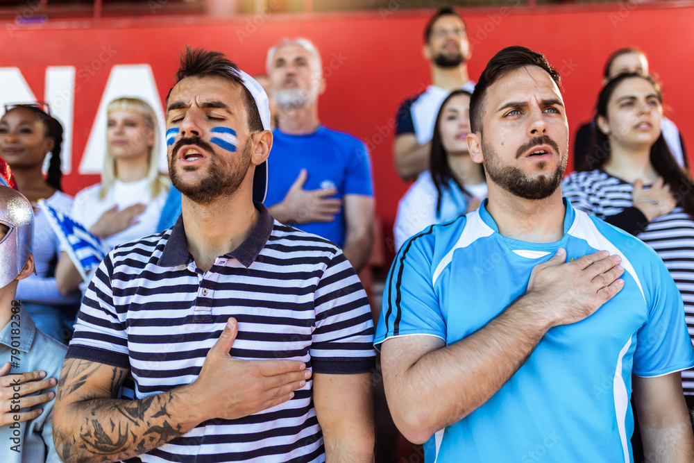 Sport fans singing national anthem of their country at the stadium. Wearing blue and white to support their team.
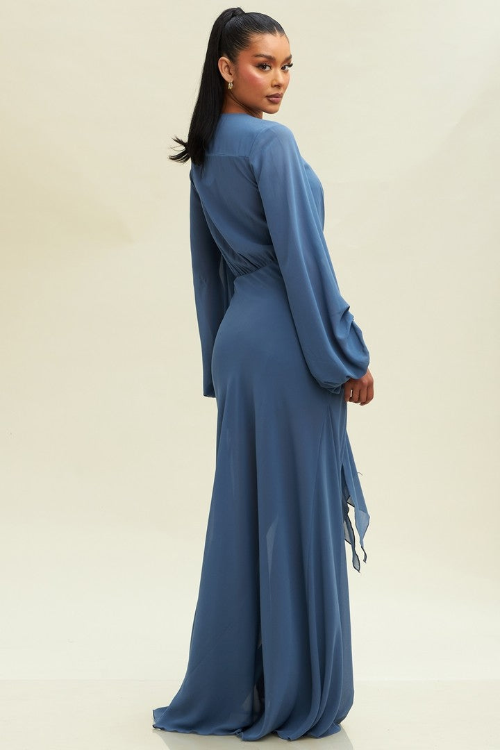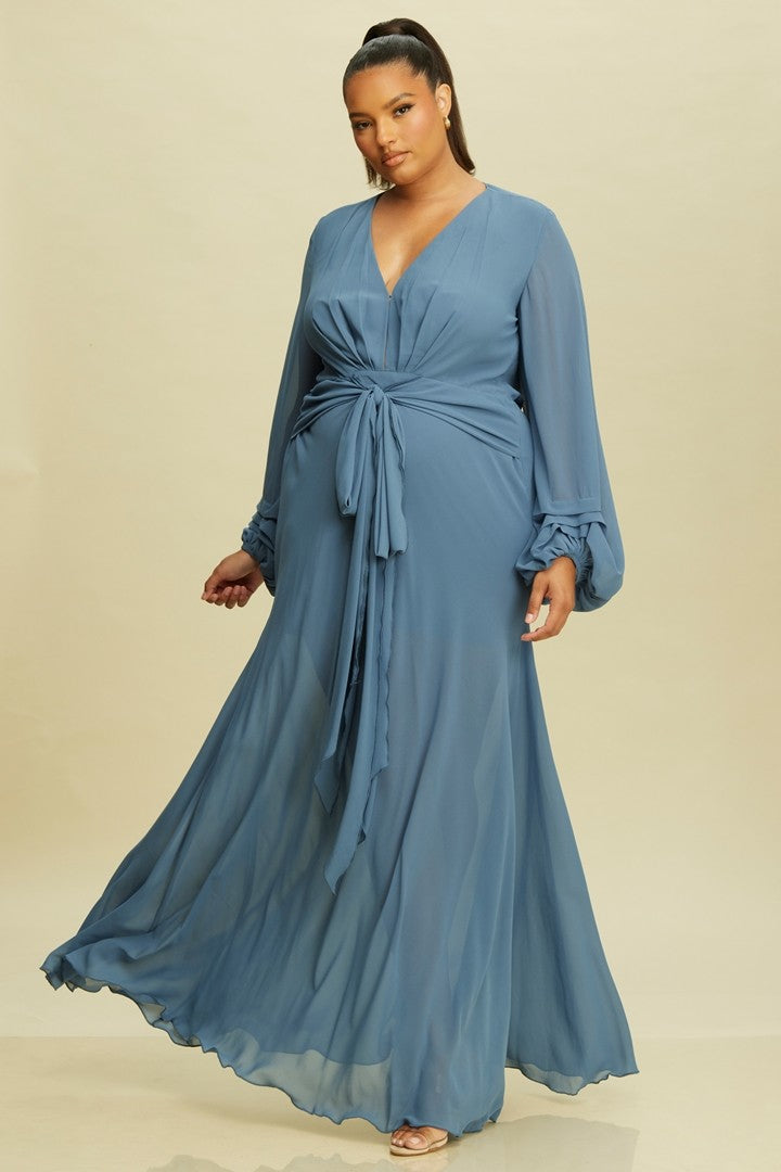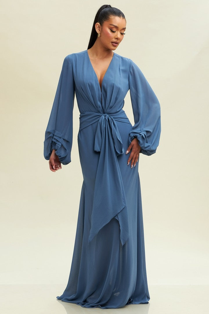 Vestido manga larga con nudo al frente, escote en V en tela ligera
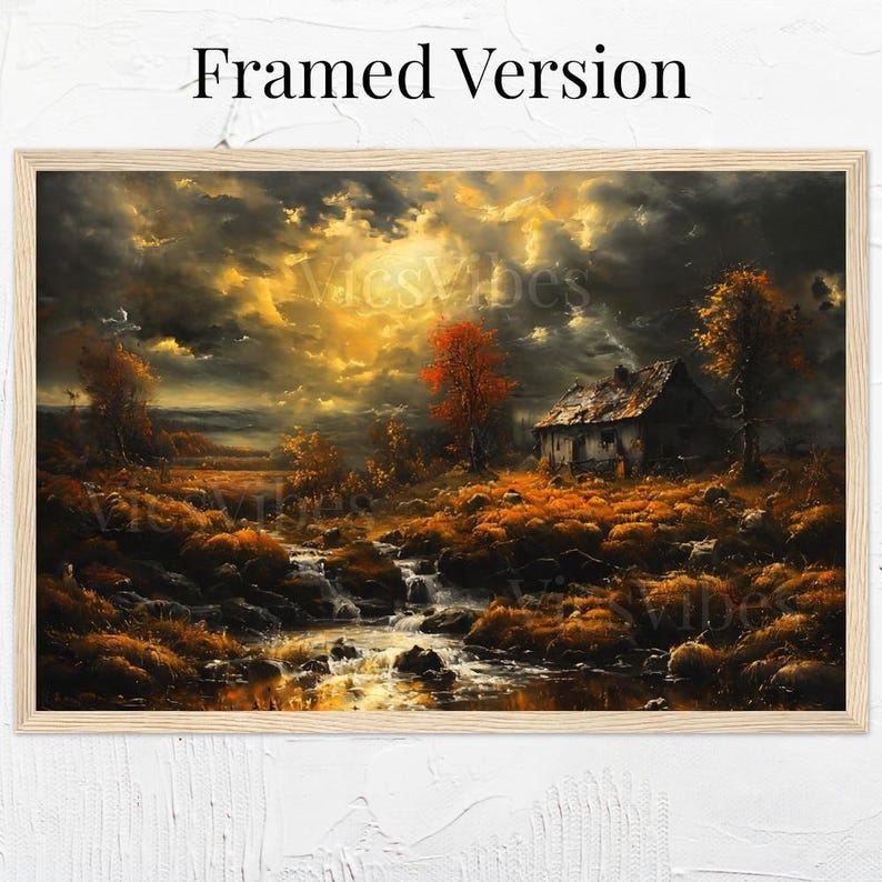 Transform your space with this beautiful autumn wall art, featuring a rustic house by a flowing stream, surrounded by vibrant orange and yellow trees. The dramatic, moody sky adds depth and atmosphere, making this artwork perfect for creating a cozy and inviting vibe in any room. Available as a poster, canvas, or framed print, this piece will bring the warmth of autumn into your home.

■ **What to produce**
Without reproducing any picture, repeat exactly the lines from the one containing "Vestido manga larga" through the last line of the material above, both ends included.

■ **Answer for this exercise**
 Vestido manga larga con nudo al frente, escote en V en tela ligera
 Transform your space with this beautiful autumn wall art, featuring a rustic house by a flowing stream, surrounded by vibrant orange and yellow trees. The dramatic, moody sky adds depth and atmosphere, making this artwork perfect for creating a cozy and inviting vibe in any room. Available as a poster, canvas, or framed print, this piece will bring the warmth of autumn into your home.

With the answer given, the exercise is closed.